###Hive Default Delimiters to CSV #####Reasoning Hive's default delimiters are
Row Delimiter => Control-A ('\001')
Collection Item Delimiter => Control-B ('\002')
Map Key Delimiter => Control-C ('\003')
There are ways to change these delimiters when exporting tables but sometimes you might still get stuck needing to convert this to csv.
Here's a quick bash script that can handle a DB export that's segmented in multiple files and has the default delimiters. It will output a single CSV file.

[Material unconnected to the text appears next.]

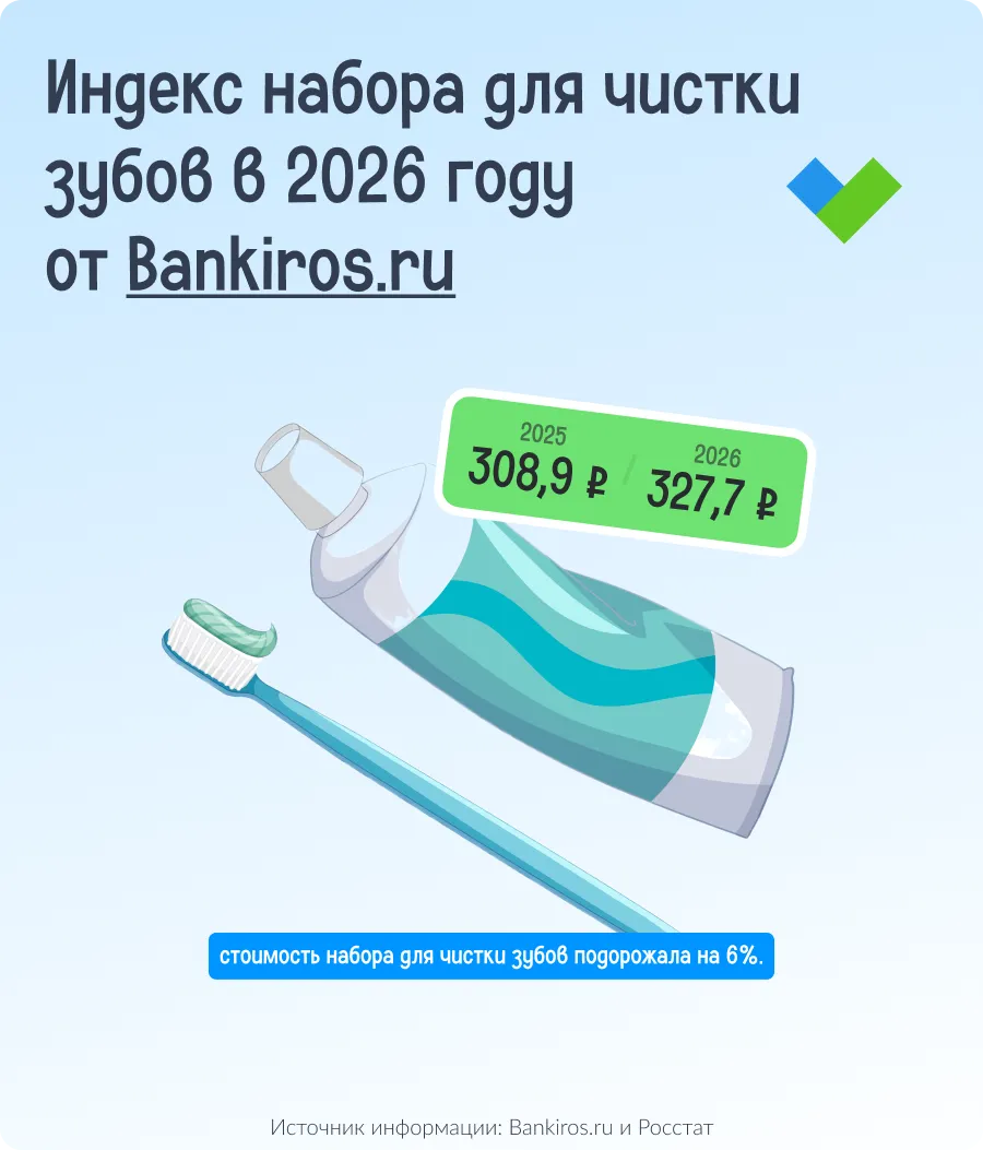 - в феврале 2025 года стоимость зубной щетки и пасты была 308,9 рубля, в 2026 году стоимость составляет 327,7 рубля;

It is assumed that the segments all have the naming convention 000*_0
INDIRECTORY="path/to/input/directory"
for f in $INDIRECTORY/000*_0; do
echo "Processing $f file..";
cat -v $f |
LC_ALL=C sed -e "s/^/\"/g" |
LC_ALL=C sed -e "s/\^A/\",\"/g" |
LC_ALL=C sed -e "s/\^C\^B/\"\":\"\"\"\",\"\"/g" |
LC_ALL=C sed -e "s/\^B/\"\",\"\"/g" |
LC_ALL=C sed -e "s/\^C/\"\":\"\"/g" |
LC_ALL=C sed -e "s/$/\"/g" > $f-temp
done
echo "you,can,echo,your,header,here,if,you,like" > $INDIRECTORY/final_output.csv
cat $INDIRECTORY/*-temp >> $INDIRECTORY/final_output.csv
rm $INDIRECTORY/*-temp
#####Example
Suppose our hive table with 1 row looks like this:
id | date | event-map | col4 |
---|---|---|---|
ec329063 | 1/21/16 | {"hash":"","currenturl":"google","adblock":"true"} | dxbr5b0v87 |
The raw hive output with default delimiters would then be
ec329063^A2016-01-21^Ahash^C^Bcurrenturl^Cgoogle^Badblock^Ctrue^Adxbr5b0v87
Once the the script runs, you'll have a csv output:
"ec329063","2016-01-21","hash"":"""",""currenturl"":""google"",""adblock"":""true","dxbr5b0v87"